*** Opening DATASET EXCERPT ***

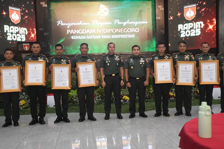Penghargaan diserahkan langsung oleh Pangdam IV/Diponegoro Mayjen TNI Deddy Suryadi, S.I.P., M.Si. saat membuka Rapat Pimpinan Kodam IV/Diponegoro di Balai Diponegoro Jl. Perintis Kemerdekaan No.20, Pudakpayung, Kecamatan Banyumanik, Kota Semarang. Selasa (25/2/2025).
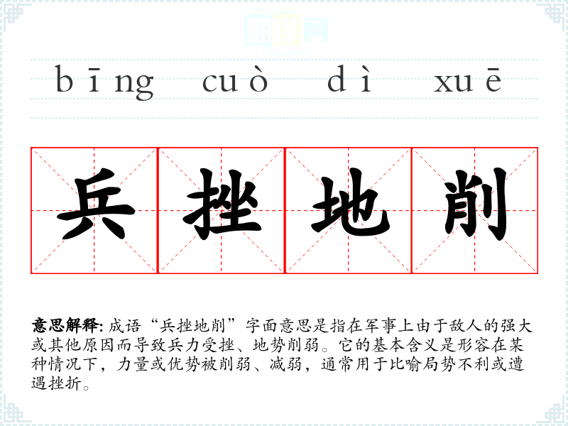 成语“兵挫地削”字面意思是指在军事上由于敌人的强大或其他原因而导致兵力受挫、地势削弱。它的基本含义是形容在某种情况下,力量或优势被削弱、减弱,通常用于比喻局势不利或遭遇挫折。
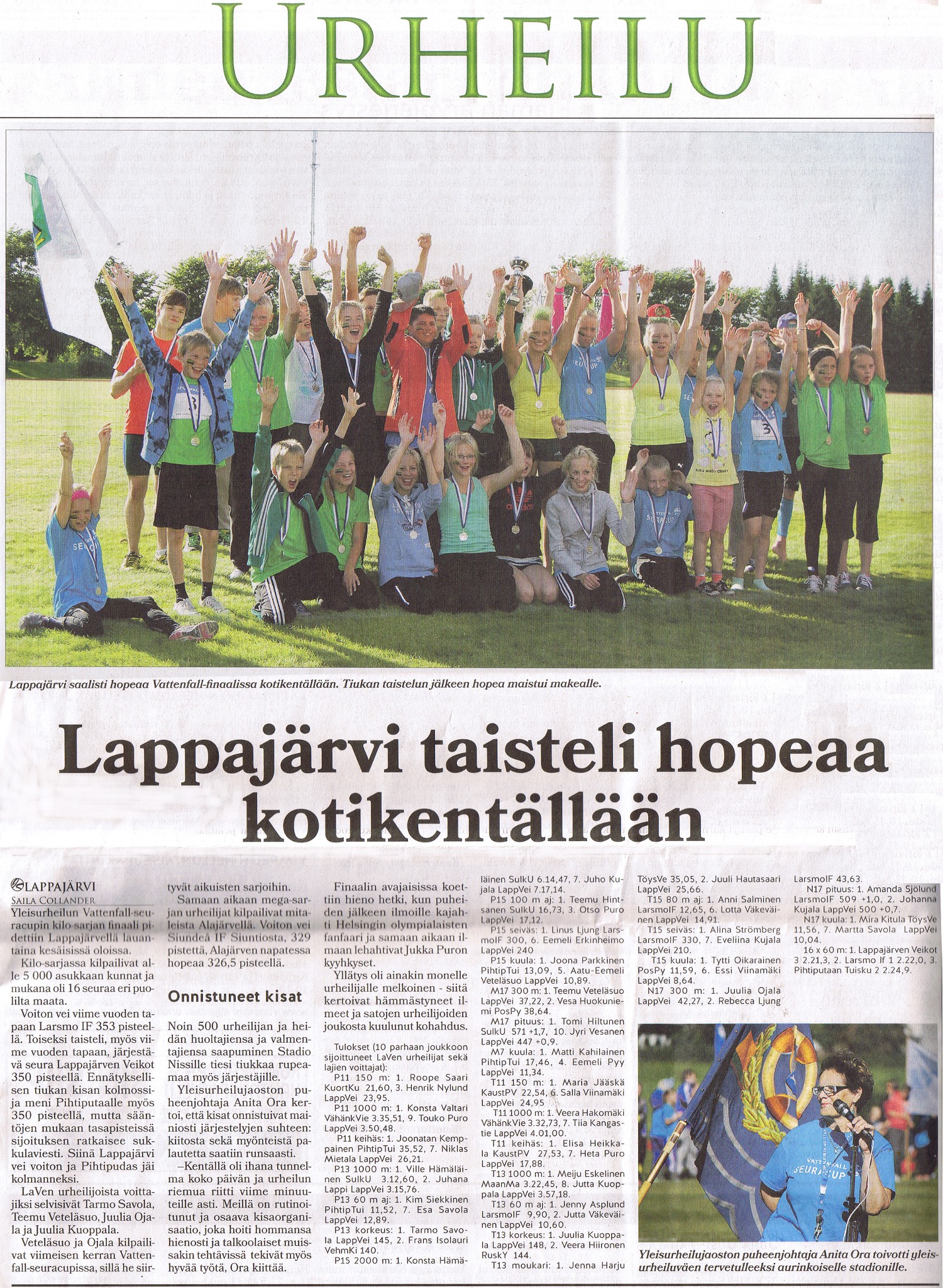 Lappajärven Veikkojen yleisurheilujoukkue nappasi kotikentällään Stadio Nissillä hienosti hopeaa valtakunnallisessa Vattenfall-finaalissa! Tämä oli jo viides peräkkäinen mitalisijoitus LaVelle, mikä kertoo hienoista urheilijoista, valmentajista ja taustajoukoista.

*** Closing DATASET EXCERPT ***

**ACTIVITY:** Give back the full listing exactly as written, only without its pictures.

**EXERCISE RESPONSE:**
Penghargaan diserahkan langsung oleh Pangdam IV/Diponegoro Mayjen TNI Deddy Suryadi, S.I.P., M.Si. saat membuka Rapat Pimpinan Kodam IV/Diponegoro di Balai Diponegoro Jl. Perintis Kemerdekaan No.20, Pudakpayung, Kecamatan Banyumanik, Kota Semarang. Selasa (25/2/2025).
 成语“兵挫地削”字面意思是指在军事上由于敌人的强大或其他原因而导致兵力受挫、地势削弱。它的基本含义是形容在某种情况下,力量或优势被削弱、减弱,通常用于比喻局势不利或遭遇挫折。
 Lappajärven Veikkojen yleisurheilujoukkue nappasi kotikentällään Stadio Nissillä hienosti hopeaa valtakunnallisessa Vattenfall-finaalissa! Tämä oli jo viides peräkkäinen mitalisijoitus LaVelle, mikä kertoo hienoista urheilijoista, valmentajista ja taustajoukoista.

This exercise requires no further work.